For evaluating hearing function in infants, the most commonly used AEPs are the ABR and the CAEP (Lightfoot et al., 2016; Lightfoot et al., 2019). A potential advantage for the ABR over the CAEP is that it can be reliably recorded during sleep (e.g., Jewett & Williston, 1971) and is unaffected by attention (Picton & Hillyard, 1974). The drawback is that it cannot be reliably recorded in some patients, such as those with auditory neuropathy spectrum disorder (Roush et al., 2011). Furthermore, when testing patients with their hearing aids on, results may not reflect patients’ hearing, as the hearing aids do not respond well to the rapid presentation rate of ABRs which confuse noise reduction algorithms. It might also be argued that the ABR provides a limited assessment of the integrity of the auditory pathway, as it represents neural activity generated by just the early components of the pathway. This contrasts with the CAEP which represents neural activity generated by thalmo-cortical brain regions.

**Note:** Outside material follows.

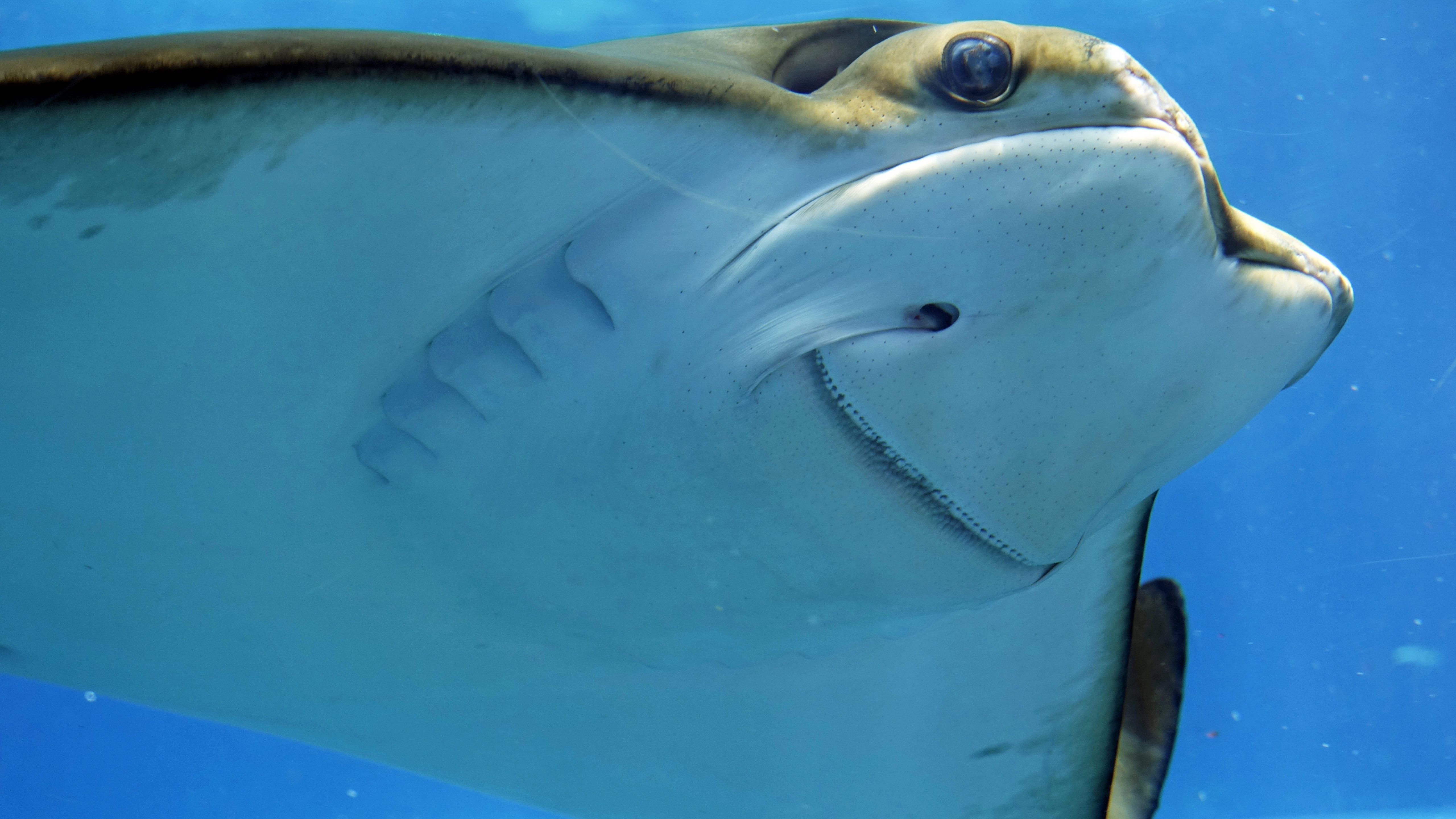 Description: A large fish with a very long nose and a smile on its face is swimming in the water with a blue background.

Early audiological assessment using CAEPs is a challenging procedure, both in terms of evoking the CAEP, and in accurately detecting it within clinically acceptable test times. In terms of signal-to-noise ratios (SNRs), the CAEP has typical peak amplitudes in the 5–10 µV range (e.g., Munro et al., 2020; Picton 2011), whereas the background activity tends to be in the ∼50 µV range after pre-processing and artefact rejection. It is therefore common practice to record an ensemble of CAEPs following repeated stimuli, and to average the recorded waveforms to reduce “noise.” Clinicians are then given the task to visually inspect the waveforms, and to determine whether a CAEP is absent or present. This is especially challenging for hearing-impaired infants, as waveforms can vary substantially across individuals due to different degrees of hearing-impairment (Oates et al., 2002) and/or lack of maturation of the auditory system (Ponton & Eggermont, 2007). As such, it is not always clear to the examiners what to look for in the displayed waveforms. Various objective methods have therefore been proposed to assist the clinicians with this task, and improve the accuracy and efficiency of the test. However, the challenges for visual CAEP inspection arising from the variability in infant responses also impact objective detection methods: infant responses can be considerably different from adult responses, and template matching methods that performed best in adults (Chesnaye et al., 2021a) are unlikely to work well in this young population.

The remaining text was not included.